Quick Tip: Dynamically Updating Screen Window Titles With The Current Server Hostname

Category: Organization,SSH,Systemsjgoulah @ 12:13 PM

I haven’t had a ton of time for blogging lately but figured this tip was good enough to throw out there for all the screen users. One way I like to organize servers that I’m ssh’d into is using screen windows. As you hopefully know you can use Ctrl-A c to create sub windows within screen. Then you can switch between them in several ways such as using Ctrl-A X where X is the window number, Ctrl-A n or Ctrl-A p for next and previous, and Ctrl-A “ to get a list of the windows for selection. You can move windows around with Ctrl-A : then type number X where X is the window you want to swap with. Finally, you can also name the windows with Ctrl-A A. So usually I ssh into a server, and manually change the window title to the server name I’m ssh’d into so that its easy to organize and remember where my windows are.

Turns out thats a lot of repetitive work that can easily be scripted. You can create a really simple script called ssh-to and place in your ~/bin or somewhere in your path

#!/bin/bash

hostname=`basename $0`

# set screen title to short hostname
echo -n -e "\033k${hostname%%.*}\033\134"

# ssh to the server with any additional args
ssh -X $hostname $*

# set hostname back when session is done (-s on osx)
echo -n -e "\033k`hostname -s`\033\134"

Now, create symbolic links to the script with each server hostname that you use. This can be a little tedious but you only have to do it once and the benefit is that you can now tab complete ssh’ing into servers.

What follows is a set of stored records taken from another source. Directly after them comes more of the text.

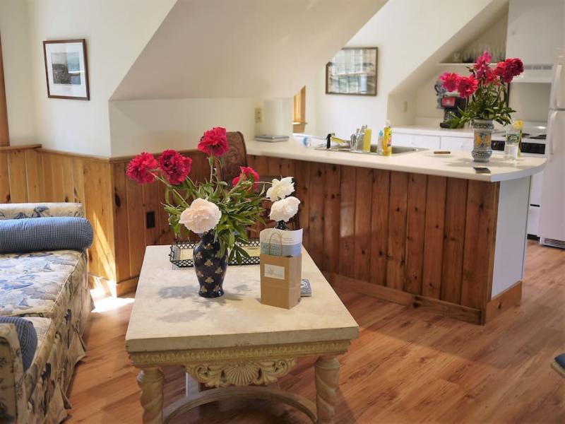Charming, private 1 bedroom, 1 bath loft apartment with king bed and amazing views. Located in the private neighborhood of Lookout Point, Rockbuilt Cottage Loft has views of Frenchman's Bay. Both modern and clean, this private setting on an estate in the historic private Lookout Point neighborhood in Bar Harbor.
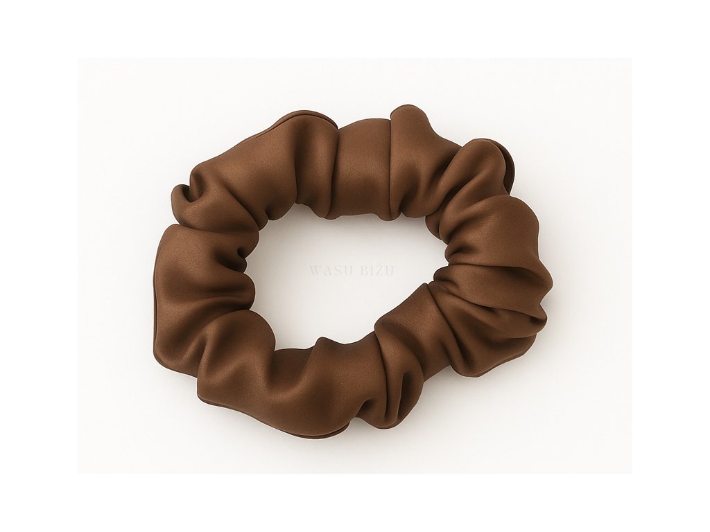 Elegantní hedvábná gumička scrunchie v hnědé barvě pro jemný a stylový účes.
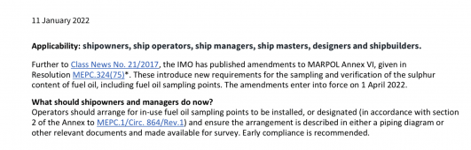 • Three types of fuel oil samples now defined in MARPOL – ‘In-use sample’, ‘Onboard sample’ and ‘MARPOL delivered sample’ – used to check for compliance with sulphur limits
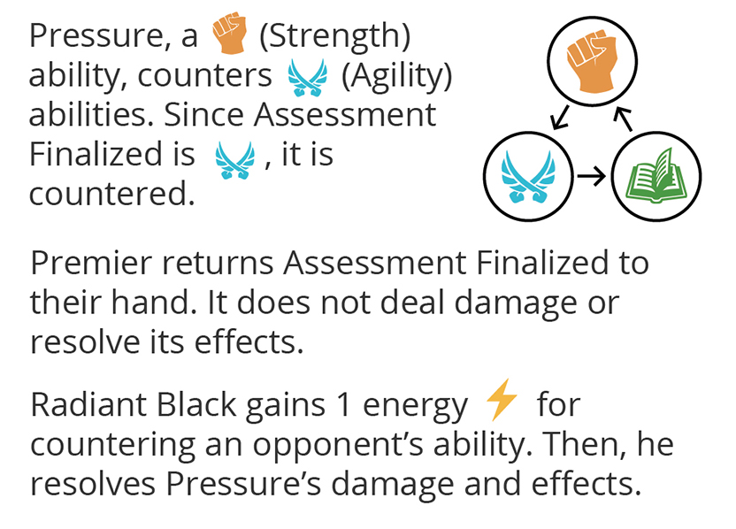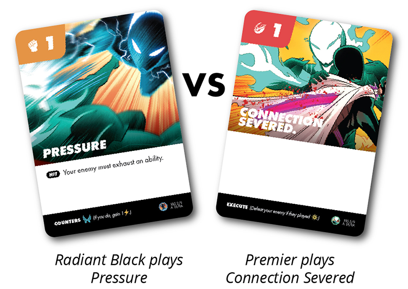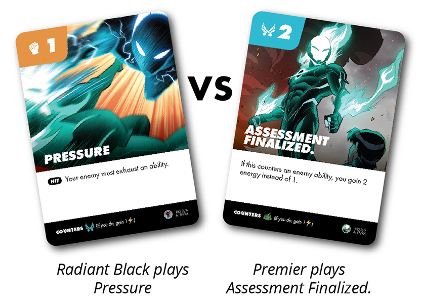 • If your card counters the symbol in the top left of your opponent’s card, you gain 1 energy , they return their card to hand and it has no effect.
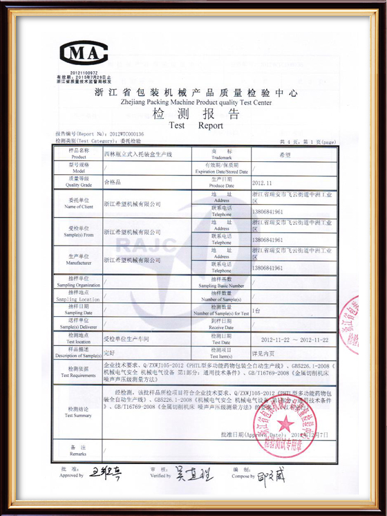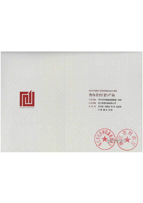 2016年“DHL600高速泡罩裝盒一體機”獲浙江省首臺套產(chǎn)品榮譽稱號。

For example you would do something like

ln -s ssh-to myserver.com

Then anytime you type “myserver.com” the tab completion can fill it out, you’re ssh’d into the server (assuming you have keys setup you don’t have to type a password) and your screen window title is updated with the domain info trimmed off, in this case myserver. Now your screen windows update their own titles anytime you ssh into a new server!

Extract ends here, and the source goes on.